Information shown =

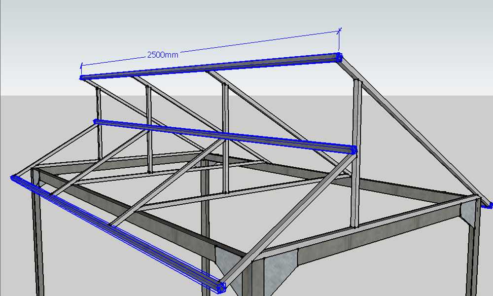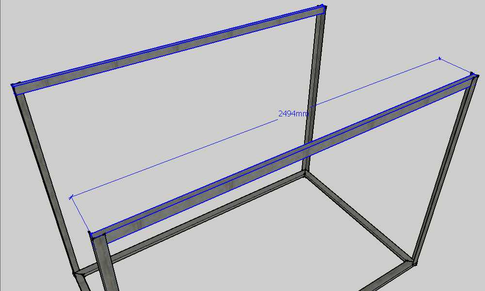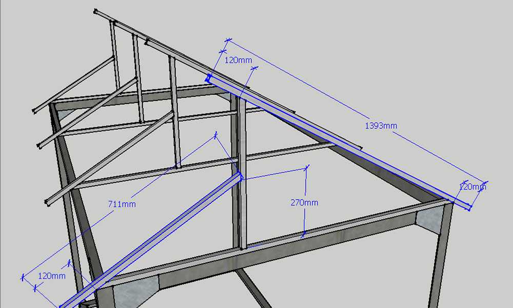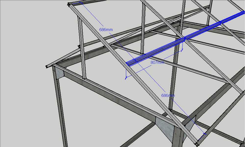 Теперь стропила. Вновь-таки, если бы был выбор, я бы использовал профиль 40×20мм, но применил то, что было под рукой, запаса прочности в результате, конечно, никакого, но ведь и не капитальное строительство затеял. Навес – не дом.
==
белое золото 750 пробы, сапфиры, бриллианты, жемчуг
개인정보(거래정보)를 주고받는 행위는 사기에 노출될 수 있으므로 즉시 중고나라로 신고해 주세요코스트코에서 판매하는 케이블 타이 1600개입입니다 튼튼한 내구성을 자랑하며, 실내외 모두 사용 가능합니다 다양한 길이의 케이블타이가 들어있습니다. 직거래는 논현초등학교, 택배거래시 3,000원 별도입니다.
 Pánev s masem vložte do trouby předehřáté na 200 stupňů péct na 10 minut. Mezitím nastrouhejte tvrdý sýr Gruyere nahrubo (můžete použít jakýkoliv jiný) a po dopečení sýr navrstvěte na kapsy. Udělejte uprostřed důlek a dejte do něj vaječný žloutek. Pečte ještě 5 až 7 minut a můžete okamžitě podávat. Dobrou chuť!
...
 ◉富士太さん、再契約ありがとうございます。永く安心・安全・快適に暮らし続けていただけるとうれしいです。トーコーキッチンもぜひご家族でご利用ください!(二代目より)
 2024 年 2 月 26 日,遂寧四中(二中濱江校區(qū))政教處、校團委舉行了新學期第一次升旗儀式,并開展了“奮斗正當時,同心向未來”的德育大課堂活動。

Work task = Retype only the lines above between the line with "개인정보(거래정보)를 주고받는 행위는" and the line with "Pánev s masem", counting those two lines as well, and keep every character as it is.

Solution to the problem =
개인정보(거래정보)를 주고받는 행위는 사기에 노출될 수 있으므로 즉시 중고나라로 신고해 주세요코스트코에서 판매하는 케이블 타이 1600개입입니다 튼튼한 내구성을 자랑하며, 실내외 모두 사용 가능합니다 다양한 길이의 케이블타이가 들어있습니다. 직거래는 논현초등학교, 택배거래시 3,000원 별도입니다.
 Pánev s masem vložte do trouby předehřáté na 200 stupňů péct na 10 minut. Mezitím nastrouhejte tvrdý sýr Gruyere nahrubo (můžete použít jakýkoliv jiný) a po dopečení sýr navrstvěte na kapsy. Udělejte uprostřed důlek a dejte do něj vaječný žloutek. Pečte ještě 5 až 7 minut a můžete okamžitě podávat. Dobrou chuť!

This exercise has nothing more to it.